Information provided:
----------
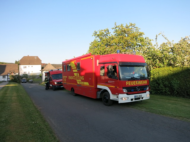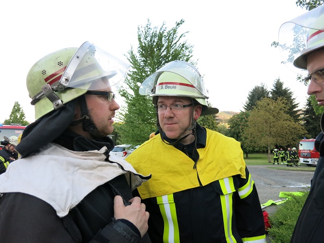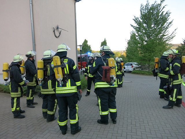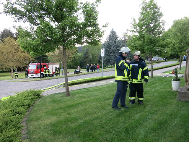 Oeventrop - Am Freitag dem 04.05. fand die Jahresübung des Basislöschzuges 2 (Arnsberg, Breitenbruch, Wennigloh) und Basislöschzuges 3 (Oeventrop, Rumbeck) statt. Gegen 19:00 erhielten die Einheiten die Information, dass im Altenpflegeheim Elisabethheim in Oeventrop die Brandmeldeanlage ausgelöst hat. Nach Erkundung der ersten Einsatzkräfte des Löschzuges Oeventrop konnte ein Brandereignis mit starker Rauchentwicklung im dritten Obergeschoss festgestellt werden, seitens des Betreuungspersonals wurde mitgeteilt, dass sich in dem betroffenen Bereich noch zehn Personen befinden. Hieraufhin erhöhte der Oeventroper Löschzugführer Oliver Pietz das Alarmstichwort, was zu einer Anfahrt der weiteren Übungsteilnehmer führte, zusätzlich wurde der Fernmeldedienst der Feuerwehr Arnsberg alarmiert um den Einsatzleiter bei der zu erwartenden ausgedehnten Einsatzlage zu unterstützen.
----------
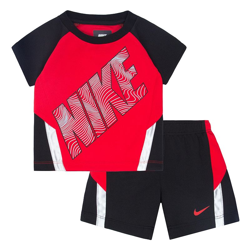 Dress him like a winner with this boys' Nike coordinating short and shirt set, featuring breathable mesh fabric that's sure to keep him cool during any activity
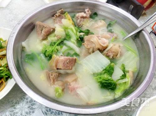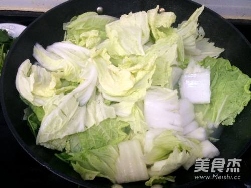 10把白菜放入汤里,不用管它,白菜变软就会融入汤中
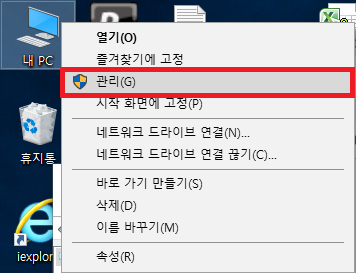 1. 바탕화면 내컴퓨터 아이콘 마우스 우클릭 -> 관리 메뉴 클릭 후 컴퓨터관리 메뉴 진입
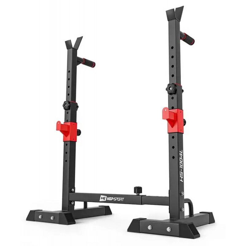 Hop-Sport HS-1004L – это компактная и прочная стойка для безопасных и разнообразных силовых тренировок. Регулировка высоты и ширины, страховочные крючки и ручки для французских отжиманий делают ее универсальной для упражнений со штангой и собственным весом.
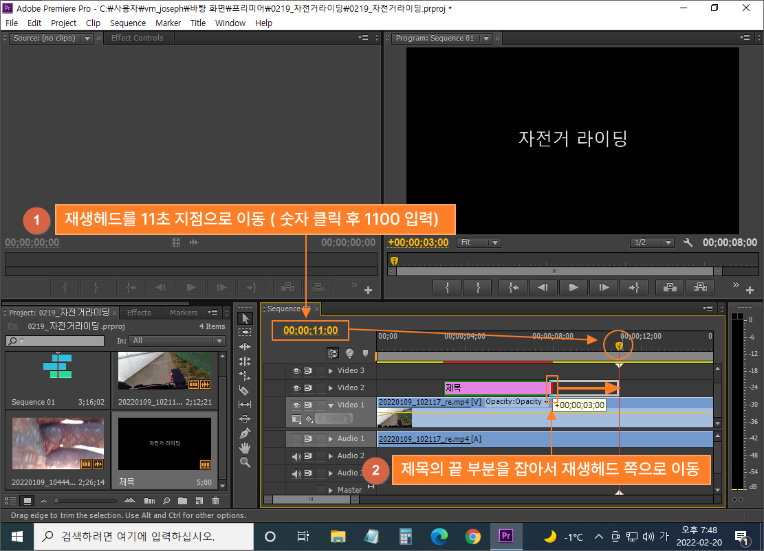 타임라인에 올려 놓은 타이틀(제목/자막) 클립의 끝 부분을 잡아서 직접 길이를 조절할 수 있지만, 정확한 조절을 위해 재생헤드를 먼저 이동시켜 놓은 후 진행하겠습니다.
----------
Directions: Your reply should consist solely of the lines above from the line containing "10把白菜放入汤里,不用管它,白菜变软就会融入汤中" up to and including the line containing "1. 바탕화면 내컴퓨터", reproduced exactly, minus the pictures.

Written answer:
 10把白菜放入汤里,不用管它,白菜变软就会融入汤中
 1. 바탕화면 내컴퓨터 아이콘 마우스 우클릭 -> 관리 메뉴 클릭 후 컴퓨터관리 메뉴 진입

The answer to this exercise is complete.